Thank you kindly, and Merry Christmas to all:
-- Keith Lyons


----------



## Demiurg

"Haxerl" is a diminutive of "Haxe" (Southern German for_ leg_).  In Standard German one would say:

_Deutschland ein Bein stellen_.

"ein Bein stellen" (_to trip somebody up_) could be a metaphor but could also refer to soccer or some other sport.


----------



## Alemanita

The Tutzinger Haxerl surely refers to a piece of meat, a pork's leg. Schweinshax'n, Schweinehaxe, Schweinshaxerl are a very common dish.
As for the rest, it's as Demiurg said.
Duden: Hachse, Haxe
Duden | Hachse, süddeutsch Haxe | Rechtschreibung, Bedeutung, Definition, Herkunft


----------



## Keith Lyons

Thank you, but "Haxerl" is still pretty hazy.  Why would a coffee shop in Tutzing sell cups with "Tutzing Haxerl" on them?  
Do you mean that this a special food dish of the place they're proud of?
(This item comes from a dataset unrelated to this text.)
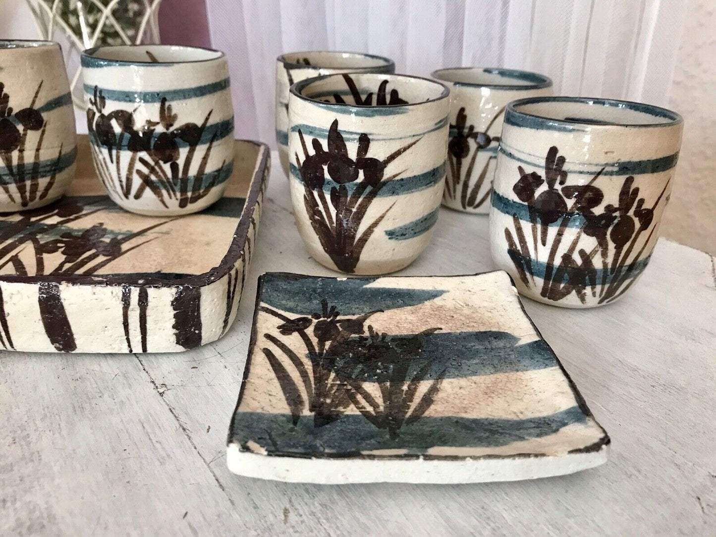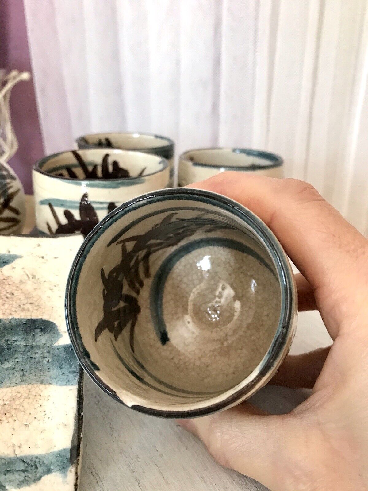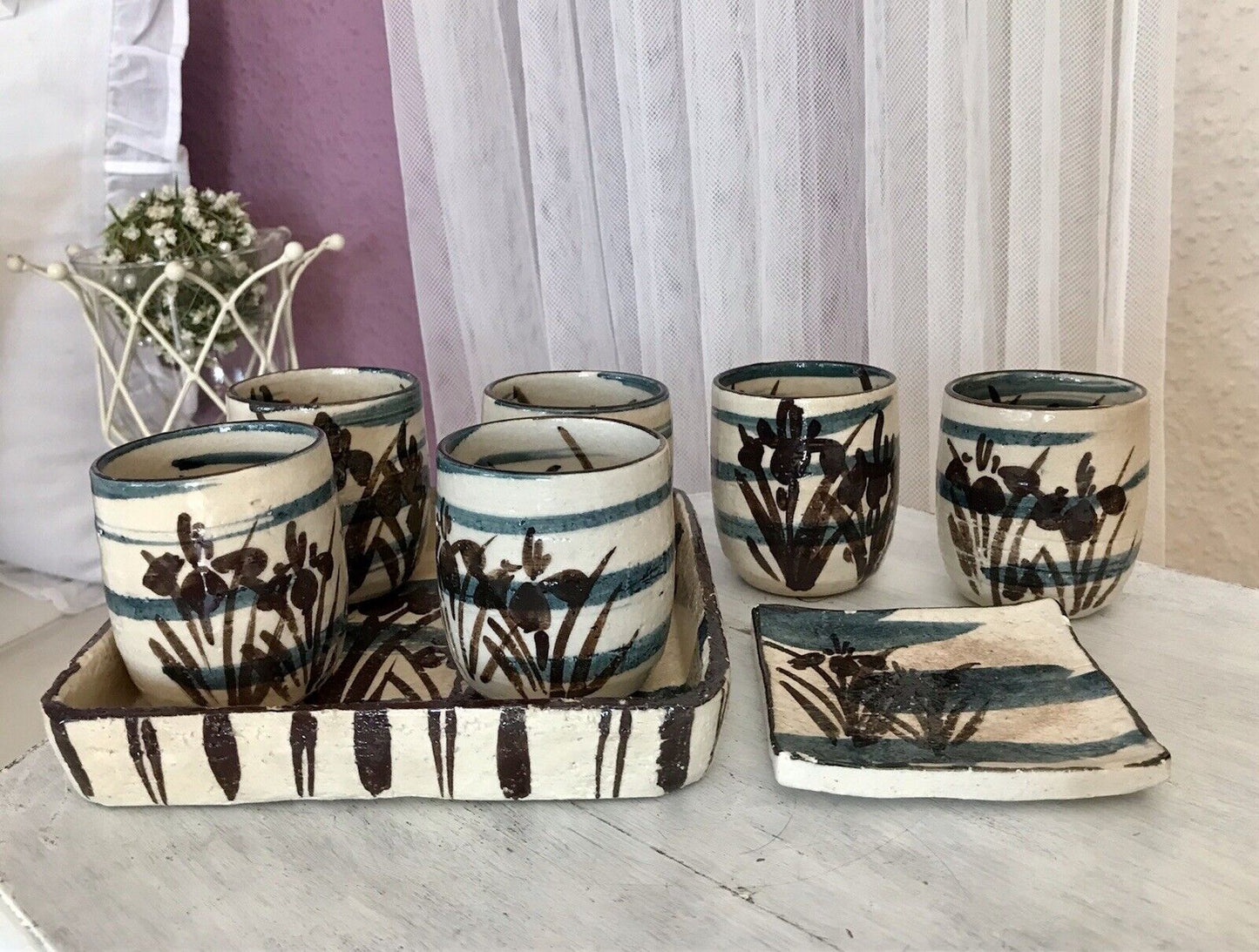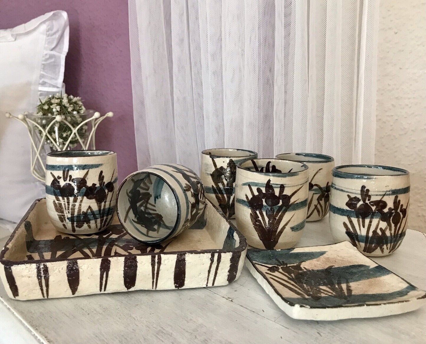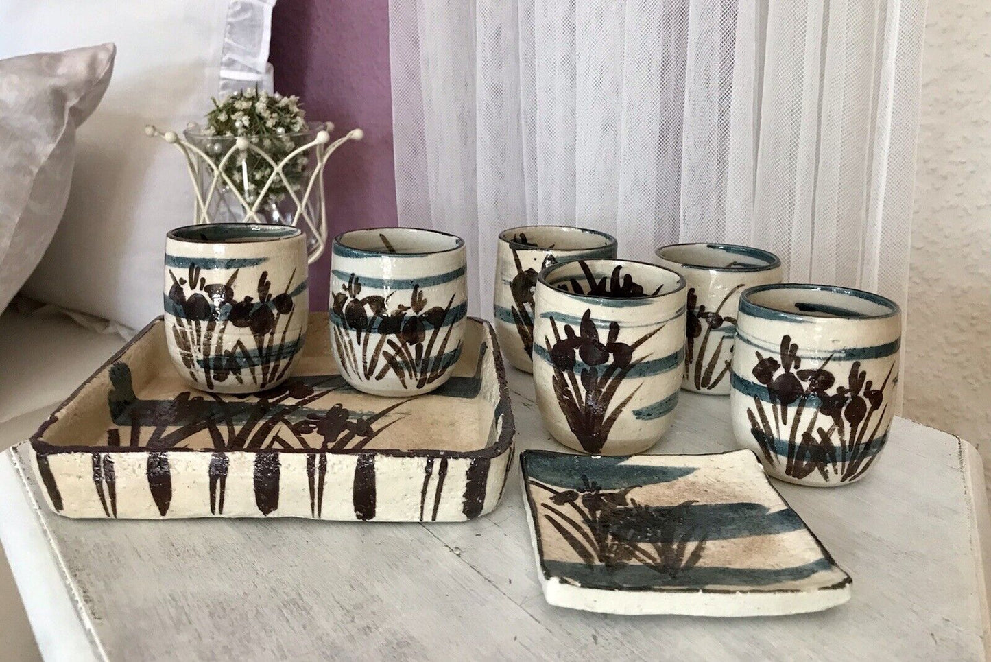 Vintage alt Steinzeug Keramik Chawan Service Japan Mino Momoyama Ware signiert

Equally obscure is  "Deutschland ein Haxerl stellen".
This means, then, a motto to the effect that "Germany is a great piece of meat"?  Or "a remarkable soccer game"? Or "trips you up because it plays soccer so well"?

Sorry, guys, unclear.
Agree we've got a metaphor here.
But -- as the late, great Marshall McLuhan once quipped -- A metaphor? So what's it for?

Thank you for your patience!

Yours:  -- Keith Lyons.


----------



## Demiurg

"Deutschland ein Bein stellen" is a kind of imperative: _Let's trip up Germany!_ It could have been said for example by the coach of the Austrian soccer team (and "Deutschland" would refer in this case to the German soccer team).  Where did you read it?


----------



## bearded

Keith Lyons said:


> Why would a coffee shop in Tutzing sell cups with "Tutzing Haxerl" on them?
> Do you mean that this a special food dish of the place they're proud of?


My surmise: it's an advertisement concerning the local culinary specialty.


----------



## berndf

Keith Lyons said:


> Thank you, but "Haxerl" is still pretty hazy. Why would a coffee shop in Tutzing sell cups with "Tutzing Haxerl" on them?
> Do you mean that this a special food dish of the place they're proud of?


Are you really sure you read it correctly? Could it have been "Tutzinger Ha*f*erl" (_=mug from Tutzing_) instead?

If not, was there anything else on the mug, e.g. a picture of a girl in a mini skirt showing her pretty legs?


----------



## Demiurg

berndf said:


> If not, was there anything else on the mug, e.g. a picture of a girl in a mini skirt showing her pretty legs?



That was my first thought, too.


----------



## Hutschi

Was it black letter typography? In black letter both letters are similar.

(Or it is a word play?)


----------



## Kajjo

berndf said:


> "Tutzinger Ha*f*erl" (_=mug from Tutzing_)


Also das würde wohl am meisten Sinn ergeben... Die Version mit Haxerl ist mir unerklärlich auf einem Bierkrug.


----------



## berndf

Kajjo said:


> Die Version mit Haxerl ist mir unerklärlich auf einem Bierkrug.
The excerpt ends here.